In April 2020, the Company sold one VLCC that was previously recorded as an investment in finance lease for gross proceeds of $25.5 million. The vessel was delivered to its buyers in June and the Company recorded a gain on sale of $12.4 million in the second quarter of 2020.

In October 2020, the Company completed the sale of its 71.38% ownership interest in SeaTeam to OSM. Golden Ocean Group Limited ("GOGL"), a related party, and the other owners of SeaTeam also sold their interests in SeaTeam to OSM. In connection with this transaction, the total consideration allocated to the Company amounted to $10.7 million, $5.4 million of which was received on October 20, 2020 upon the completion of the sale.

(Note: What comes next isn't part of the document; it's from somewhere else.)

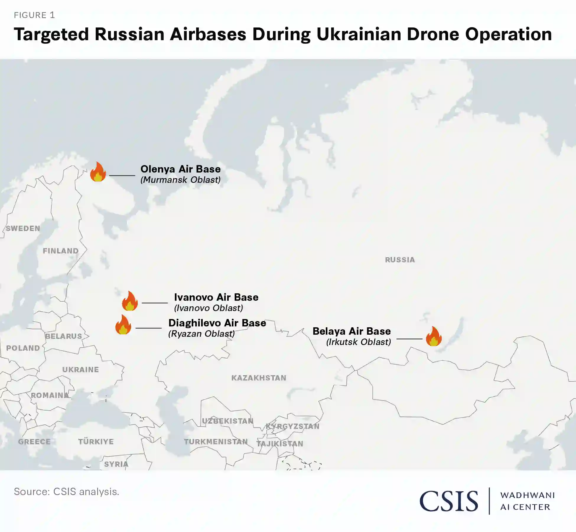 答:该行动锁定俄四大军用航空基地(俄战略航空力量关键设施)。如图1所示,其地理分布贯穿俄罗斯全境——这正是行动代号的灵感来源。

The outstanding amount will be paid in two equal payments of $2.7 million on April 1, 2021 and on December 1, 2021. A gain from the sale of $6.9 million has been recorded in the fourth quarter of 2020.

In the year ended December 31, 2020, the Company recorded a loss on pool arrangements of $0.6 million and a $3.4 million gain on settlement of a claim.


6. NEWBUILDINGS

In May 2020, the Company took delivery of the Suezmax, Front Cruiser, from HSHI.

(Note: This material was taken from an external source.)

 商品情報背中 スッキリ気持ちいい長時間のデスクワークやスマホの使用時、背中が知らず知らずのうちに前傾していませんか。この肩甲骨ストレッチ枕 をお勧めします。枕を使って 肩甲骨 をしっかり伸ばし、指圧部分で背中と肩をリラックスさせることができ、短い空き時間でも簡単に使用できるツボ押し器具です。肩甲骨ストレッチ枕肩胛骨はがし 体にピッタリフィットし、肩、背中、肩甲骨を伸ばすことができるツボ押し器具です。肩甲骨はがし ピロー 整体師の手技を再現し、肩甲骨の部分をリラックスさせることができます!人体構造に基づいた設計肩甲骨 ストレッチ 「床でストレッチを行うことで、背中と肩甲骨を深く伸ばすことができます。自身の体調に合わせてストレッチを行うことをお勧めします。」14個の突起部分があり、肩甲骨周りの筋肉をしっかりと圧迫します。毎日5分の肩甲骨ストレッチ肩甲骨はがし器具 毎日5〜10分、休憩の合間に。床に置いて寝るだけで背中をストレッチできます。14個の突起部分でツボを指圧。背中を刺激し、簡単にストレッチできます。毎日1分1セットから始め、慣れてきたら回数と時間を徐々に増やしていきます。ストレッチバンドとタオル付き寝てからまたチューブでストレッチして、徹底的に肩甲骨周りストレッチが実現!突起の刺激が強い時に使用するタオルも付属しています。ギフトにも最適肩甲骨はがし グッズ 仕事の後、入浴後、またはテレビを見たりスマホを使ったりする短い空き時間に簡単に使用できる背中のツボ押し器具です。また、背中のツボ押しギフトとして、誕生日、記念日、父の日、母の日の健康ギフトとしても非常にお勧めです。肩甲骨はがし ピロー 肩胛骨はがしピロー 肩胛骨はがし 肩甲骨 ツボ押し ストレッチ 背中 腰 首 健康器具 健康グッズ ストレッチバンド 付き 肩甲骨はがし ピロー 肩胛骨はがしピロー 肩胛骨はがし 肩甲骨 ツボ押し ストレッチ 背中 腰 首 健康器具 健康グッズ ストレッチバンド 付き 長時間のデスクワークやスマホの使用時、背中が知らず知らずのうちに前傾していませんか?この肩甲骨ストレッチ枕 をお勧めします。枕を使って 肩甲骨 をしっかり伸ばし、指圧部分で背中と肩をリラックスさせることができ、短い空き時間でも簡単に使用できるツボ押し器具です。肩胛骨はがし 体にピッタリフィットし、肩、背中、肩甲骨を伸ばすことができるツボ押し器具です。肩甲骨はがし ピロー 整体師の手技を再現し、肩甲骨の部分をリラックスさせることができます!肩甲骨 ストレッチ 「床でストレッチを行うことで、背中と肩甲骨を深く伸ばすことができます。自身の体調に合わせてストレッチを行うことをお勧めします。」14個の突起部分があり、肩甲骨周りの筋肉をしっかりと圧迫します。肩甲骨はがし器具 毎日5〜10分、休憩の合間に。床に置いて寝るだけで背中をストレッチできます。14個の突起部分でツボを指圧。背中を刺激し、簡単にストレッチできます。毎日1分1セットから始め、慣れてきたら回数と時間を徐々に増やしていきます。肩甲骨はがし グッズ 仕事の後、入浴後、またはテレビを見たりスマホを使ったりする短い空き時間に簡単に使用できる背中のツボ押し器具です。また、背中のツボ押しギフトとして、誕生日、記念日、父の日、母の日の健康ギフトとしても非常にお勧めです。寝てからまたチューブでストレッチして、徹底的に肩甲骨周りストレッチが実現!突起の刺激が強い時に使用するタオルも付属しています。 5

In June 2020, the Company took delivery of the VLCC, Front Dynamic, from HSHI.

As of December 31, 2020, the Company’s newbuilding program consisted of four LR2 tankers; two are expected to be delivered in March 2021 and April 2021, respectively, and two are expected to be delivered in September 2021.

As of December 31, 2020, total instalments of $46.7 million had been paid in connection with the Company’s current newbuilding program, and remaining commitments amounted to $142.4 million all of which we expect to be paid in 2021.



7. DEBT

In March 2020, the Company signed a sale-and-leaseback agreement in an amount of $544.0 million with ICBCL to finance the cash amount payable upon closing of the Acquisition, which took place on March 16, 2020. The lease financing has a tenor of seven years, carries an interest rate of LIBOR plus a margin of 230 basis points, has an amortization profile of 17.8 years and includes purchase options for Frontline throughout the term with a purchase obligation at the end of the term.

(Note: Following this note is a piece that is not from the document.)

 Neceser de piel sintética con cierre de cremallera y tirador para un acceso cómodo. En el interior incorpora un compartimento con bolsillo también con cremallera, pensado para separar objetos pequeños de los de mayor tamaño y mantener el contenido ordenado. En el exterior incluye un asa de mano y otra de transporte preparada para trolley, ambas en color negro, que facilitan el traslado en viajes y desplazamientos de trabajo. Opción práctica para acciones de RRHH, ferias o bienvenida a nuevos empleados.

The Company is precluded from accounting for the sale of the vessel due to the purchase obligation at the end of the term, which prevents the lessor from obtaining control of the vessels and as such the lease has been accounted for as a secured borrowing, with the vessels recorded under "Vessels and equipment, net".


In April 2020, the Company repaid $60.0 million of its $275.0 million senior unsecured facility agreement with an affiliate of Hemen Holding Ltd. Up to $215.0 million remains available under the facility following this repayment.

In May 2020, the Company signed a restated and amended senior secured term loan facility with Nordea in an amount of up to $50.0 million to refinance an existing loan facility maturing in March 2021. The new facility matures in March 2023, carries an interest rate of LIBOR plus a margin of 190 basis points and has an amortization profile of 20 years. The facility was fully drawn down in July 2020.

In May 2020, the Company drew down $42.9 million under its senior secured term loan facility with Credit Suisse entered into in November 2019 to partially finance the delivery of the Suezmax tanker Front Cruiser from HSHI. The facility matures five years after the vessel's delivery date, carries an interest rate of LIBOR plus a margin of 190 basis points and has an amortization profile of 18 years.

In June 2020, the Company drew down $62.5 million under its senior secured term loan facility with Crédit Agricole entered into in May 2020 to partially finance the delivery of the VLCC Front Dynamic from HSHI. The facility matures five years after the vessel's delivery date, carries an interest rate of LIBOR plus a margin of 190 basis points and has an amortization profile of 18 years.

In July 2020, the Company entered into a senior secured term loan facility with a number of banks in an amount of up to $328.6 million to refinance an existing loan facility maturing in December 2020. The new facility matures in February 2023, carries an interest rate of LIBOR plus a margin of 190 basis points and has an amortization profile of 18 years counting as from delivery date from the yard. The facility was fully drawn down in July 2020.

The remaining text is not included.